Barney Frank’s opening statement at the FSC hearing with Secretary Geithner
Rep. Frank's opening statement at FSC Hearing entitled “The Annual Report of the Financial Stability Oversight Council”
Click here for a PDF transcript of his opening statement.
CONGRESSMAN BARNEY FRANK
HEARING OF THE HOUSE FINANCIAL SERVICES COMMITTEE: “THE ANNUAL REPORT OF THE FINANCIAL STABILITY OVERSIGHT COUNCIL”
WITNESS: TIMOTHY GEITHNER, SECRETARY OF THE TREASURY
JULY 25, 2012
As my retirement approaches a certain amount of nostalgia is inescapable and I try not to indulge it. But I am overwhelmed with it, its 2006 all over again. When I was about become Chairman of this Committee after the 2006 election, I was besieged by the Wall Street Journal, and Wall Street people, and the Chamber of Commerce with pleas that we deregulate America. That if we did not dismantle Sarbanes-Oxley and cut back on the oppressive regulation of the financial community everybody would soon be in England or in Hong Kong. And of course, what then happened was the worst collapse of the American economy in a very long time precisely because of the lack of regulation. People seem to have forgotten that.
I’m hearing again that the problems in the American economy are too much regulation. Ben Bernanke, who I will remind people, when George Bush, President George Bush, had an important economic appointment to make, he sent for the usual suspects, who were always Ben Bernanke. He appointed Ben Bernanke to be on the Board of Governors of the Federal Reserve in his first full year; then he made him Chairman of the Council of Economic Advisers; then he made him Chairman of the Federal Reserve. Ben Bernanke stays on as Chairman of the Federal Reserve, as the most bipartisan person in this city.
And he testified before us and my colleague Mr. Himes and some others noted he listed the headwinds against the American economy. Excessive regulation of the financial industry was not one of them. And he said yes, there are all kinds of factors, he was asked and said, no it’s not a significant headwind. Europe is a headwind, and of course my colleagues on the other side have tried to retard the efforts of some including Mr. Bernanke to help with that.

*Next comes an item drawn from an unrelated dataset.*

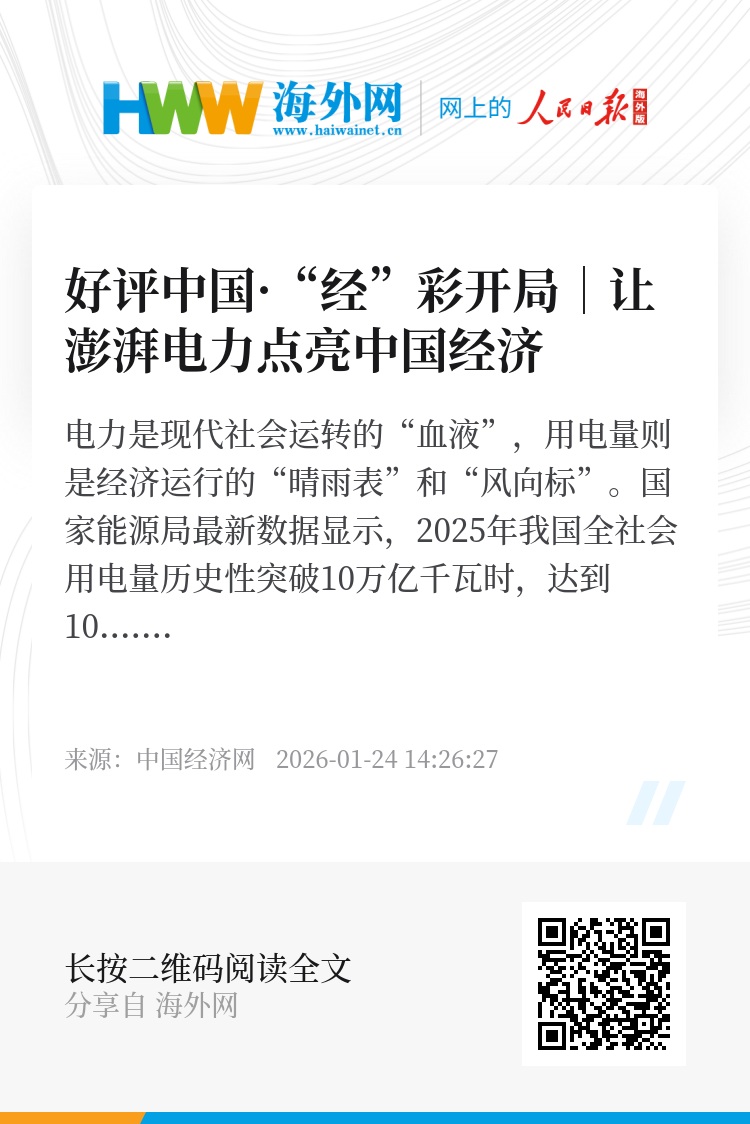 “十五五”规划建议提出,“着力构建新型电力系统”“全面提升电力系统互补互济和安全韧性水平”。新型电力系统对电力市场建设提出了更高要求,不仅要在技术上不断创新,更需在市场机制上勇于突破。不断把改革向纵深推进,源源不断的澎湃电力,将更好赋能中国经济,点亮光明前景。(中国经济网评论员 邓浩)

So we are being told the problem now is not enough freedom for the people whose irresponsibility caused this problem. We are being told to back off; we are being told that the regulations are too complicated for these poor people in the financial industry to understand. Well you know what was too complicated for them to understand, their own razzle-dazzle shenanigans. That’s what got them into trouble.
And I do want to address this question of consolidation. People say we created all these new agencies. Well, there were two agencies that had pretty much similar functions, the Office of Thrift Supervision and the Office of the Comptroller of the Currency. We consolidated those. So we got rid of one operating agency, and we created one new operating agency. The FSOC is not an operating agency, it’s a coordinating council. An Office of Financial Research is not an operating agency, it gets information, which I understand people don’t want us to have.
But we did create one new agency, and that’s really what they are worried about. It’s called the Consumer Financial Protection Bureau and for the first time we took from existing bank regulators the function of protecting consumers and made it their primary job, and it has been working very well. Although I think we have had eleven hearings now, oversight hearings in which we have complained there is no oversight of this institution. That’s not their complaint; their complaint is that its standing up for consumers as it recently did regarding Capitol One.
Now I will acknowledge there is one major flaw in our structure that I wish I could fix -- we should not have a separate Securities and Exchange Commission and a Commodity Futures Trading Commission. The biggest single gap we had in the American financial regulatory system was the decision to not regulate derivatives at all, and we made a major breakthrough in the financial reform bill regulating derivatives. And we are just now getting those rules in place, partly because ten people had to be involved -- five commissioners at the SEC, five at the CFTC. And derivatives are split, the problem is that the split reflects a deep cultural and economic split in America. The Commodity Futures Trading Commission was created many years ago to deal with protecting, theoretically, farmers; the Securities and Exchange Commission -- the financial community. I would very much like to get that consolidated. I notice the Republicans talked about consolidation, they left that one out. They talked about consolidating the banking industry, the bank agencies.
I just want to go back again to the fundamental point, the notion that the problem today in America today with financial institutions is too much regulation. You know once a week we get a demonstration that that’s not true -- the banks lying about LIBOR, a disgraceful pattern of behavior of simply lying. Mr. Dimon of JP Morgan Chase, a very well-regarded justifiably well-regarded executive, losing control of derivative trading so billions and billions, and just like with AIG they don’t know how much money they had lost. Capitol One admitting that they had vendors that were cheating people and only an independent consumer bureau was able to step in.
Now there have been problems in the past, we had a Controller of the Currency who frankly was not a good regulator in the sense of being tough on the banks. We have a new one, Mr. Curry, and I think you are going to see a great deal of improvement. But the notion that our problem is too much regulation -- I guess I am struck by the precocity of people who make that comment because it is a very articulate statement coming apparently from people who were born sometime in early 2009.